Avançam os preparativos para a 37ª edição do Show Rural Coopavel, evento que reafirma o Oeste do Paraná como um dos principais polos do agronegócio mundial. De 10 a 14 de fevereiro de 2025, visitantes do Brasil e do exterior terão acesso a um espaço renovado, com melhorias que reforçam o compromisso da Coopavel com a inovação, a sustentabilidade e a excelência em infraestrutura. “Melhorar continuamente é uma das regras que fazem o sucesso do Show Rural, referência em inovações e tendências para o agronegócio”, destaca o presidente da Coopavel, Dilvo Grolli.

Com o objetivo de garantir mais conforto e eficiência à experiência de visitantes e expositores, várias obras físicas acontecem no parque e serão entregues já para a 37ª edição. O restaurante do parque está em ampliação em 500 metros quadrados, permitindo o atendimento de mais mil pessoas por refeição. A área de entrega de bebidas é reformulada para otimizar o fluxo, enquanto novos buffets, mesas e utensílios foram adquiridos para manter o alto padrão de qualidade em uma estrutura com capacidade para servir mais de 40 mil refeições diariamente.

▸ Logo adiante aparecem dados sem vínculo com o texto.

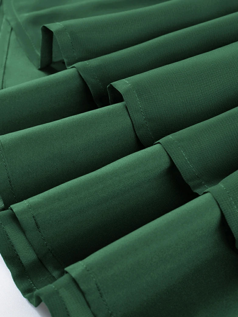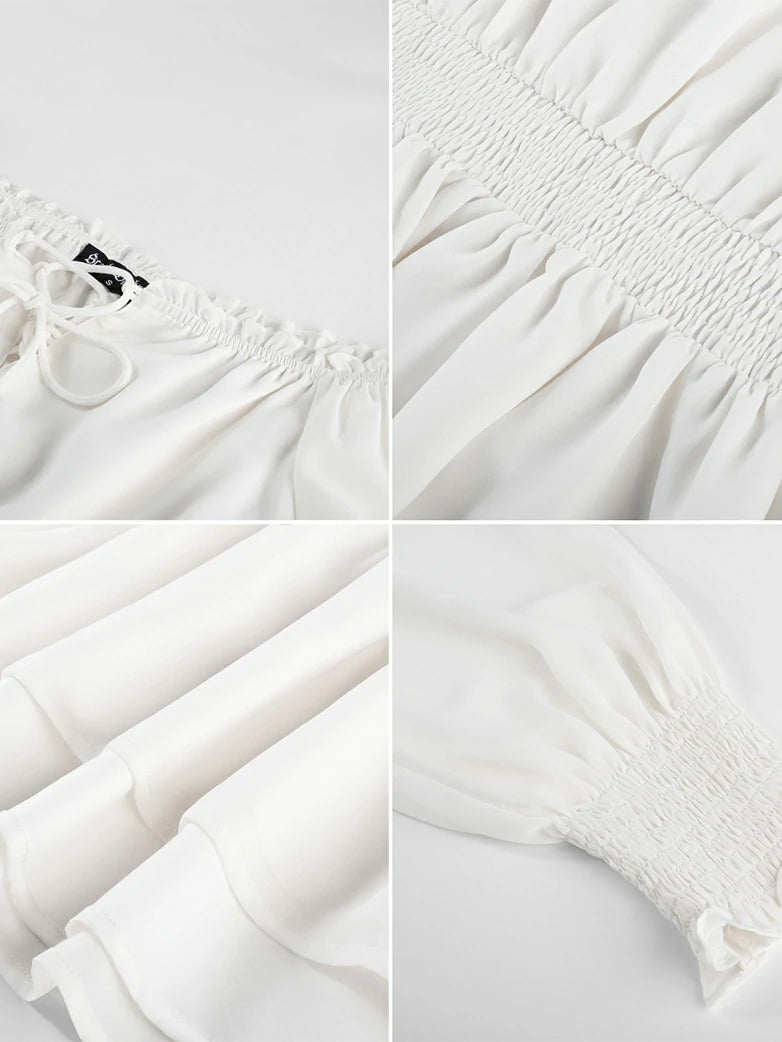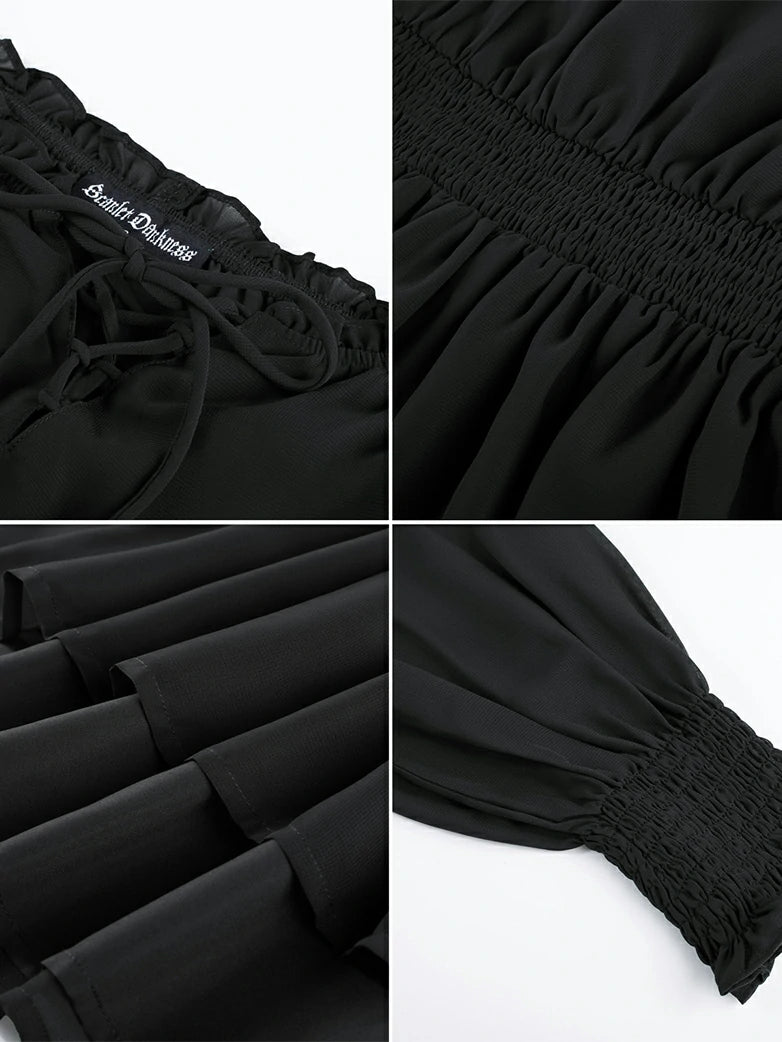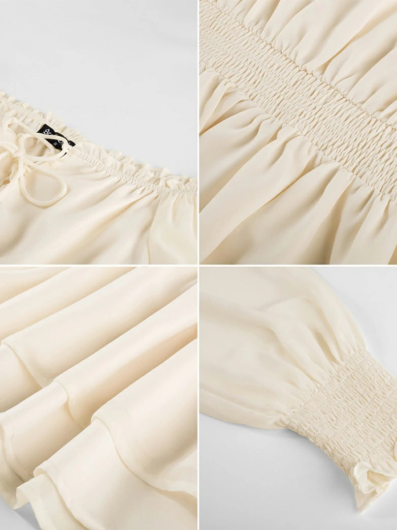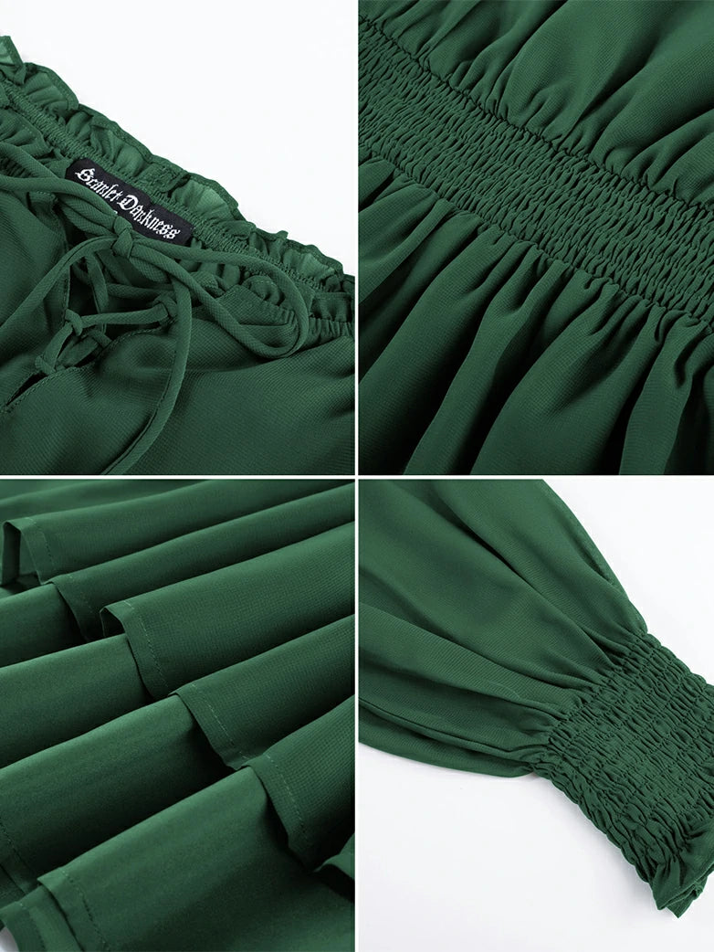 The off-the-shoulder neckline replicates the goddess's cascading shoulders, while the double-layered lantern sleeves unfold like wings. The cinched waist accentuates a classic, slender figure, and the neckline tie resembles entwined vines.

A mobilidade no parque também recebe melhorias. São mais de seis mil metros quadrados de ruas asfaltadas. Uma das novidades mais aguardadas é a cobertura da Rua 10, que conecta o Portal 4 ao Pavilhão da Agricultura Familiar. Com 400 metros lineares, essa obra, viabilizada em parceria com a Barigui/Volkswagen, eleva para mais de 6,2 mil metros quadrados a área coberta do parque, garantindo conforto aos visitantes em qualquer condição climática, observa o coordenador geral Rogério Rizzardi.

Para ônibus

Para receber caravanas de todo o Brasil e de outros países será criado um estacionamento exclusivo para ônibus com capacidade para 400 veículos. Estrategicamente localizada, a nova estrutura promete praticidade e organização para os grupos que participam da maior mostra de tecnologia para o campo da América Latina.
Outro destaque é o barracão de 1,2 mil metros quadrados dedicado à gestão de resíduos. Essa estrutura permitirá separação e correta destinação de materiais antes, durante e depois do evento, reforçando o compromisso da cooperativa e do evento técnico com práticas ambientalmente responsáveis.

Evolução

Com essas inovações e investimentos, o Show Rural Coopavel segue como referência global, combinando hospitalidade, tecnologia e respeito ao meio ambiente, reforça o presidente Dilvo Grolli. O tema da 37ª edição será Nossa natureza fala mais alto.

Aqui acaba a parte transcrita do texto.